-- DIRECTIONS FOR THIS TASK --
Retype nothing except the lines below from the one with "de 6 metros." through the one with "- The trope", exactly, with images left out.

[Data extracted from a collection]

*****

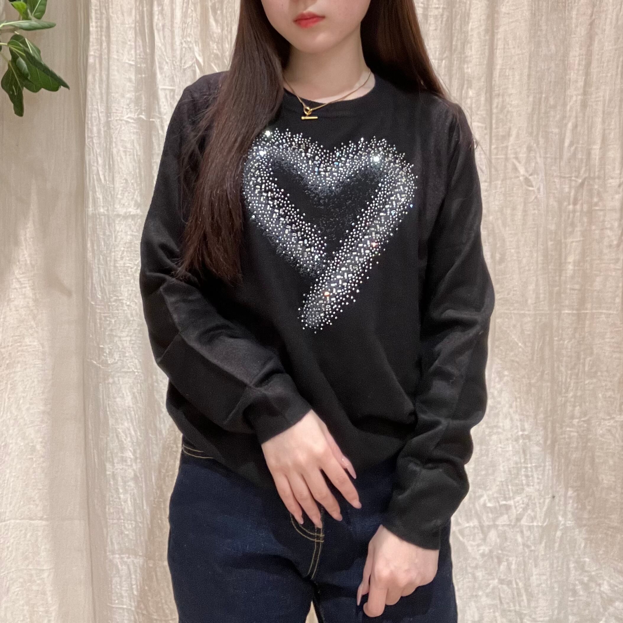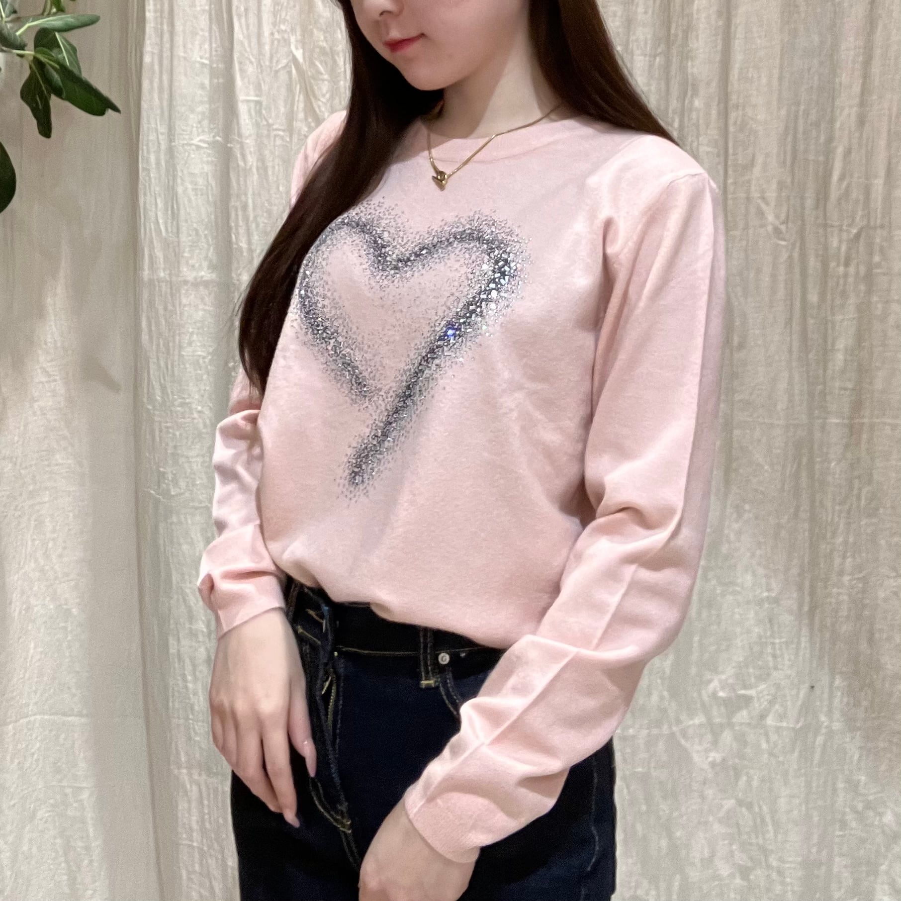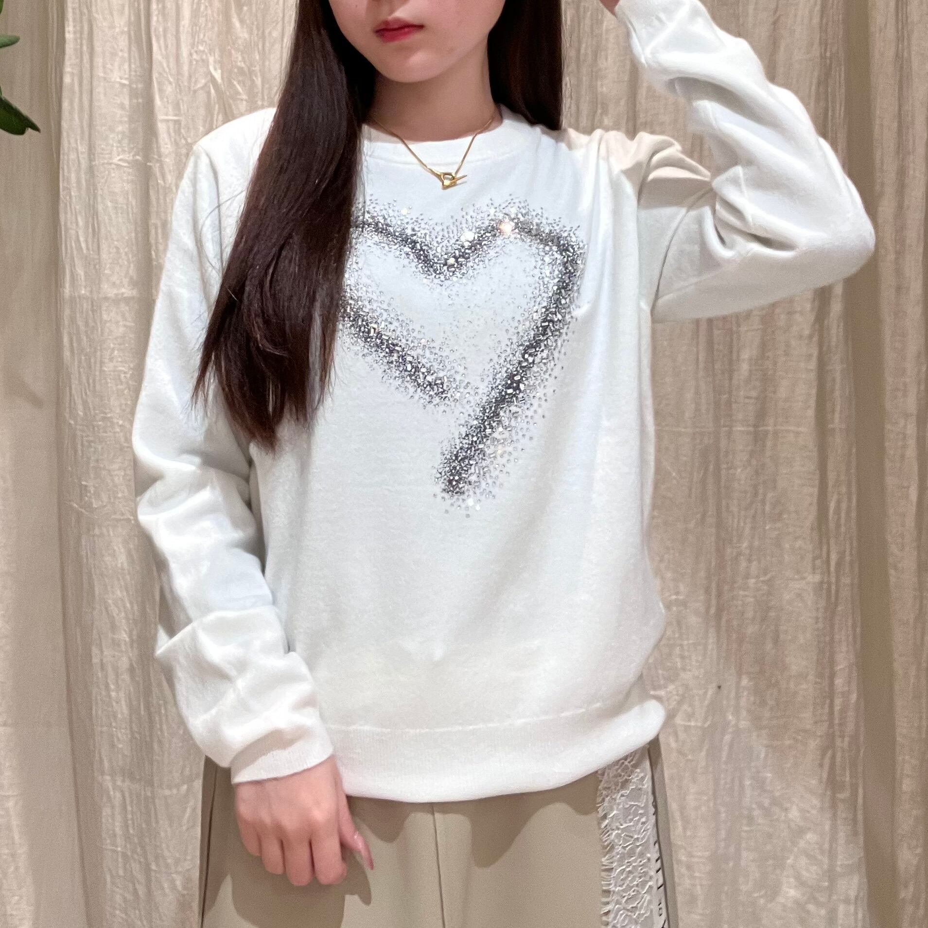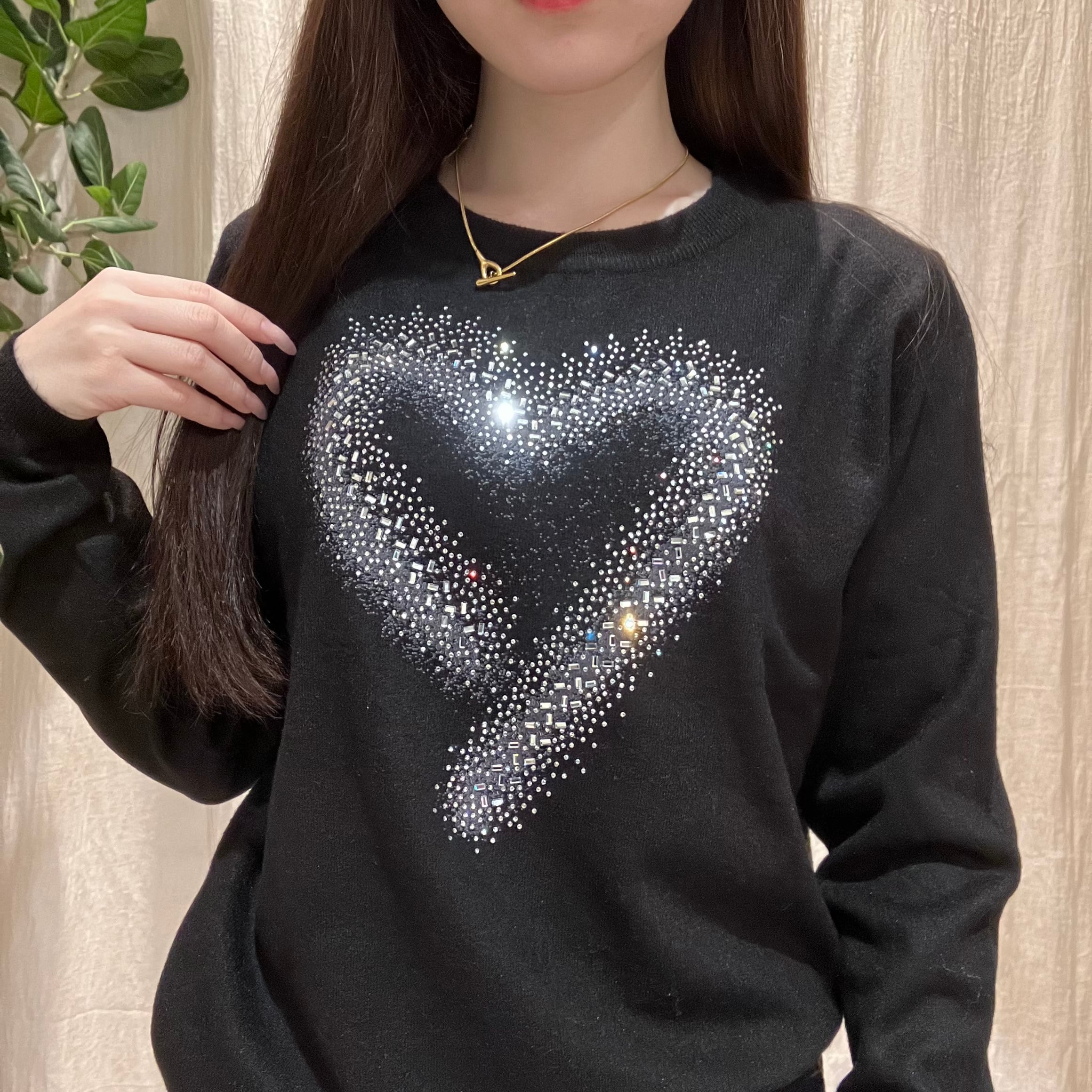 フロントに散りばめたハートビジューが、さりげなくきらめくデザインニット。
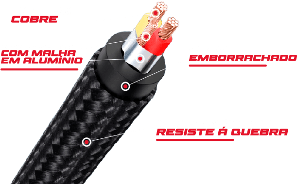• Conexão: conexão RCA com cabeamento emborrachado + malha resistente á quebra, 100% cobre e dupla blindagem de 6 metros.
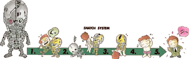 - The trope picture comes from the Sega CD game Snatcher, despite its oversimplification of the eponymous robots' preferred method of impersonating humans: grafting the replica skin and muscle tissue of their quarry over an exoskeleton in a People Jar.
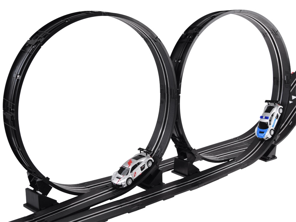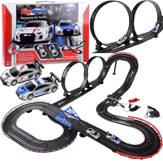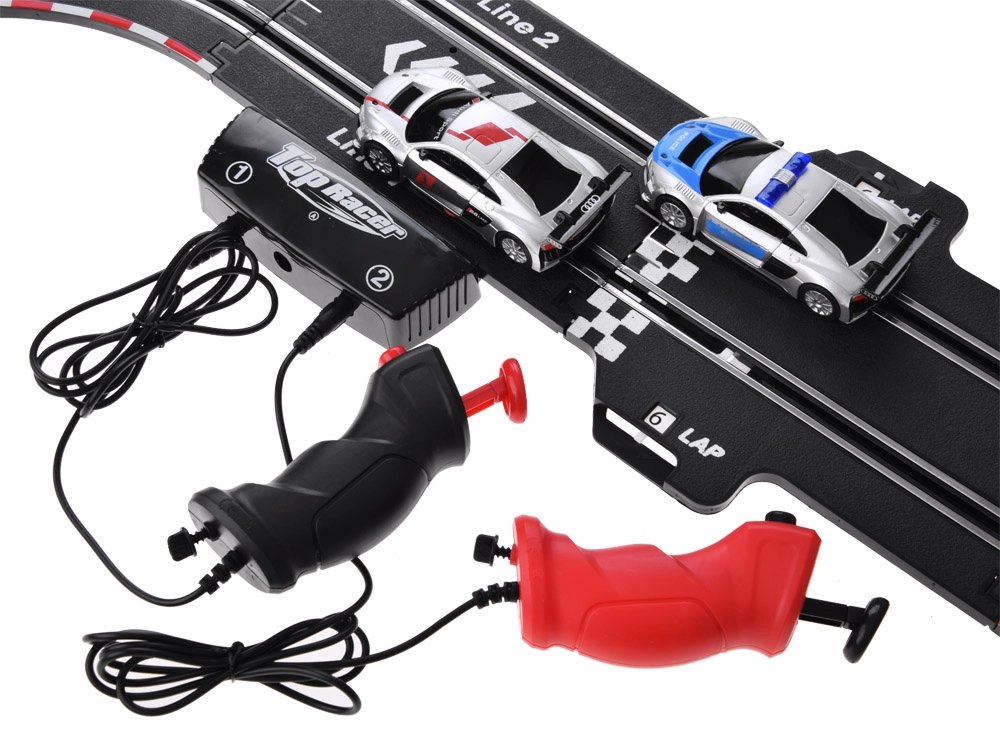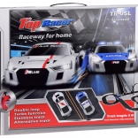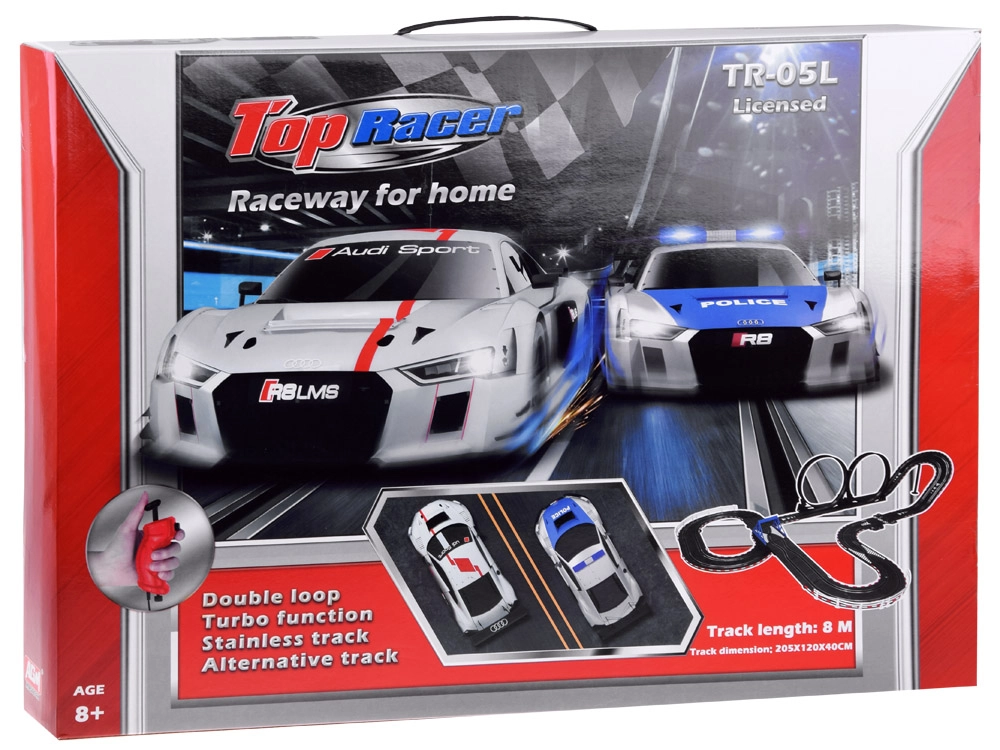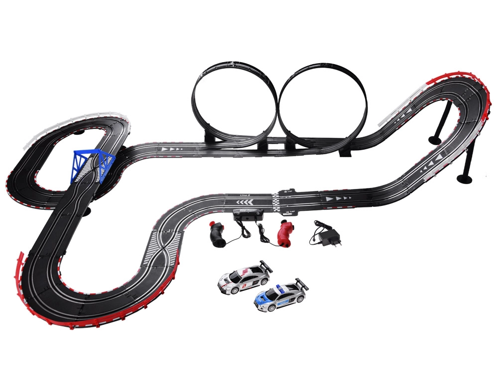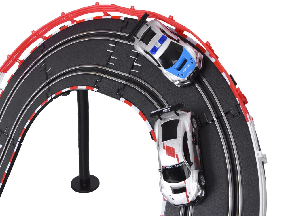 Extra lange Slotcar-Rennbahn ist der Traum jedes kleinen Rallye- und Auto-Fans. Die Strecke mit einer Länge von 8 m mit zwei Fahrzeugen, extremen Geraden und Kurven sorgt beim Spielen für jede Menge Spannung. Die zwei superschnellen, offiziell lizenzierten Audi-Fahrzeuge wurden mit großer Sorgfalt und Liebe zum Detail hergestellt. Das gesamte Set präsentiert sich sehr eindrucksvoll.
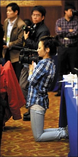 干练的女摄像记者拍摄别人的同时,也成为被拍摄的对象。
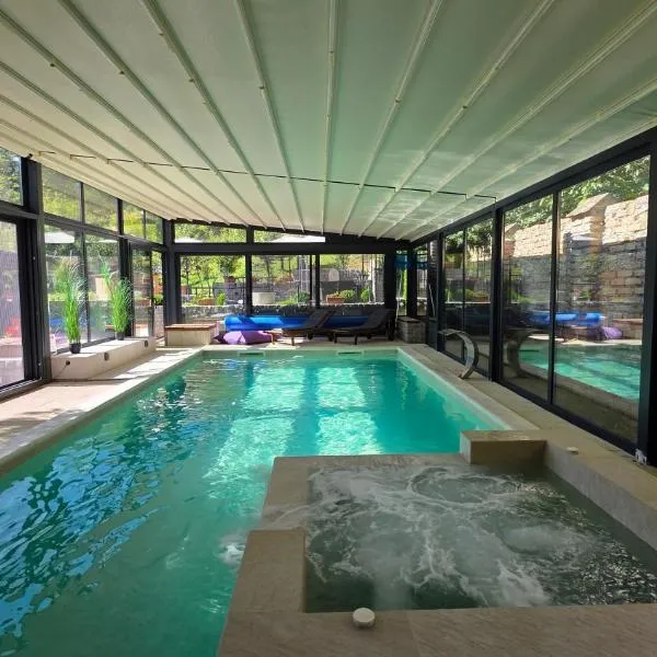 Oaza Spa Fruska Gora位于Sremska Kamenica,提供享有池景和花园景的露台、按季节开放的室外泳池、桑拿房以及热水浴池。这家自助式度假屋配有私人泳池、花园、烧烤设施、免费WiFi和免费私人停车位。 这家空调度假屋配有1间卧室、起居室、带迷你吧和咖啡机的设施齐全的小厨房以及1间带淋浴设施和热水浴池的浴室。这家度假屋还提供平板电视以及1间带免费洗浴用品的浴室。
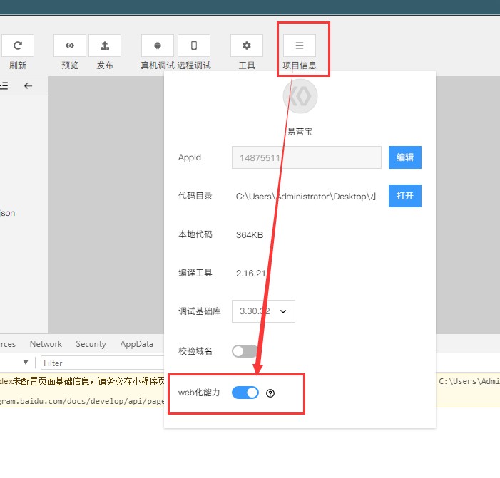 29,在项目信息里,再次检查APPID是否正确,和开启web化。
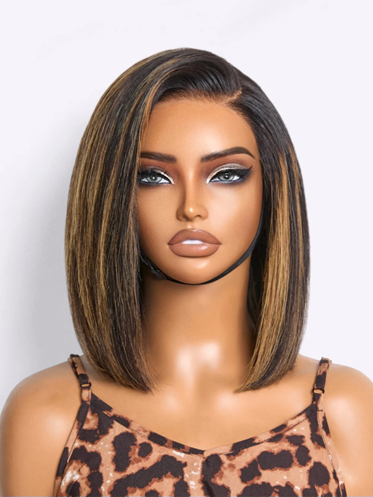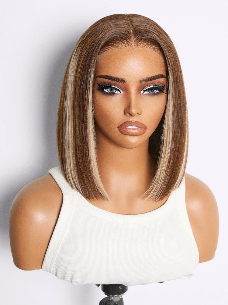 Blonde Highlight / Brown Highlight Short Layered Bob Wig Glueless 5x5 Closure Pre-Cut Lace Wig
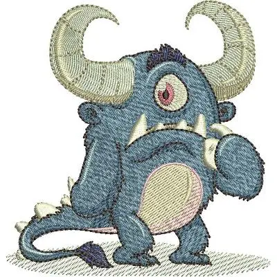 An embroidery design of a cute, blue monster with large horns, a single eye, and a playful expression..
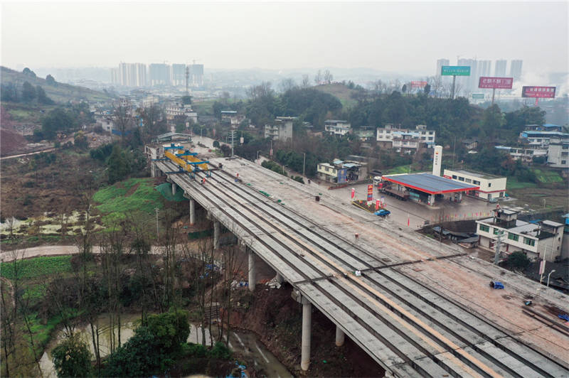 黑碾子大橋是雨名快速通道項(xiàng)目3座橋梁之一,另有成雅跨線大橋、丁家壩大橋。目前成雅跨線大橋已完成主橋掛籃拼裝,正在掛籃進(jìn)行全封閉防護(hù)。丁家壩大橋及黑碾子大橋預(yù)制梁架設(shè)已全部完成,正在進(jìn)行橋面系施工。橋梁建設(shè)有序推進(jìn),為項(xiàng)目如期建成通車打下堅(jiān)實(shí)基礎(chǔ)。
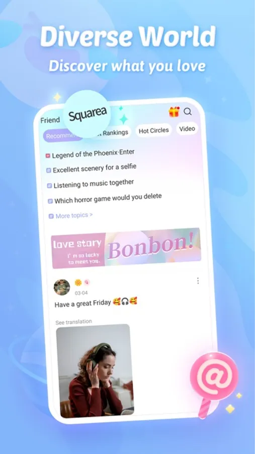Bonbon is an online gaming community for young people, where you can find your gaming friends and chat about games. You can also quickly meet friends from all over the world, share your hobbies and find people who understand you better. In Bonbon, you can say goodbye to your lonely life.
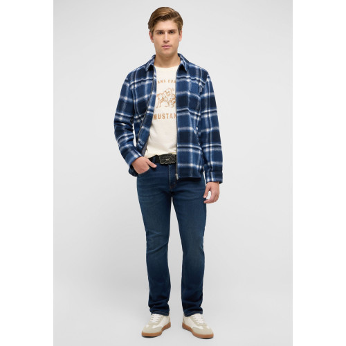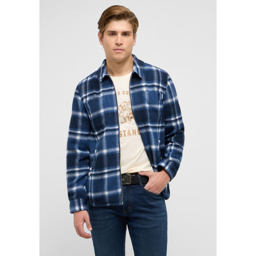 Трикотажный мужская куртка Mustang в клетку, рубашечного кроя, отложной воротник, длинный рукав, застежка на молнию
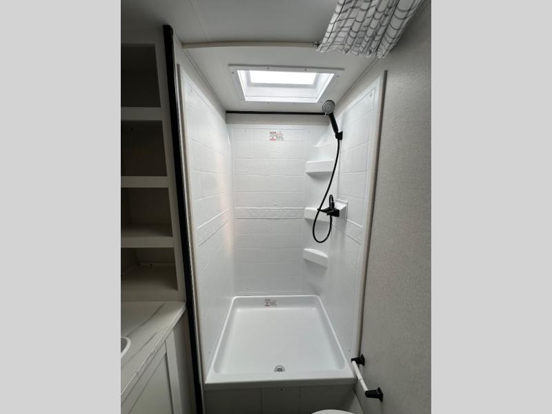 The Jayco Jay Flight SLX travel trailer is quite easy to own because it is lightweight for an easier towing experience. Built on a fully integrated A-frame with galvanized-steel, impact-resistant wheel wells, the Jay Flight SLX has quality at its very foundation. That quality continues on to the electric self-adjusting brakes, easy-lube hubs, Magnum Truss roof system, and LP quick connect. Some of what the mandatory Customer Value Package includes is backup camera prep, Keyed-Alike entry and baggage doors, marine grade exterior speakers, and an on-demand tankless water heater.
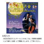 本日の月あかりコンサートは、屋内(主屋)にて開催いたします。ご了承ください。
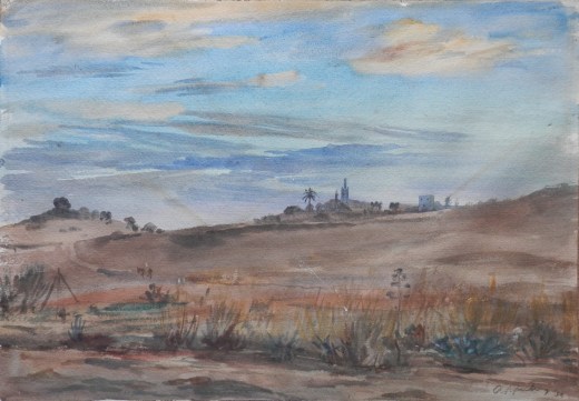 The watercolour, in my collection, is titled ‘Paissaje Tangerino‘ and shows a landscape near Tangier where Apperley lived from 1933 till his death in 1960. Whether it was a study for an oil painting or done ‘en plain air’ as a painting on it’s own, I do not know. It does show a nice use of colour and a deftness of brush stroke. I especially like the sky with it’s clouds. It is signed and date lower right on the face and again on the verso.
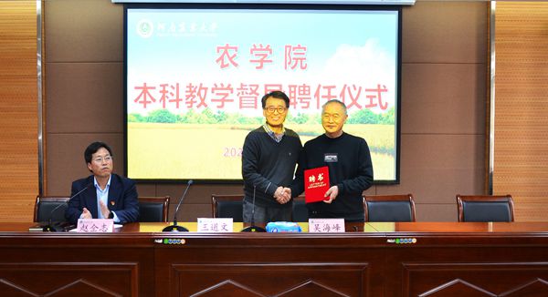 最后,学院举行了本科教学督导聘任仪式。王道文为新任本科教学督导吴海峰老师颁发聘书并合影留念。

*****

-- TASK RESULT --
• Conexão: conexão RCA com cabeamento emborrachado + malha resistente á quebra, 100% cobre e dupla blindagem de 6 metros.
 - The trope picture comes from the Sega CD game Snatcher, despite its oversimplification of the eponymous robots' preferred method of impersonating humans: grafting the replica skin and muscle tissue of their quarry over an exoskeleton in a People Jar.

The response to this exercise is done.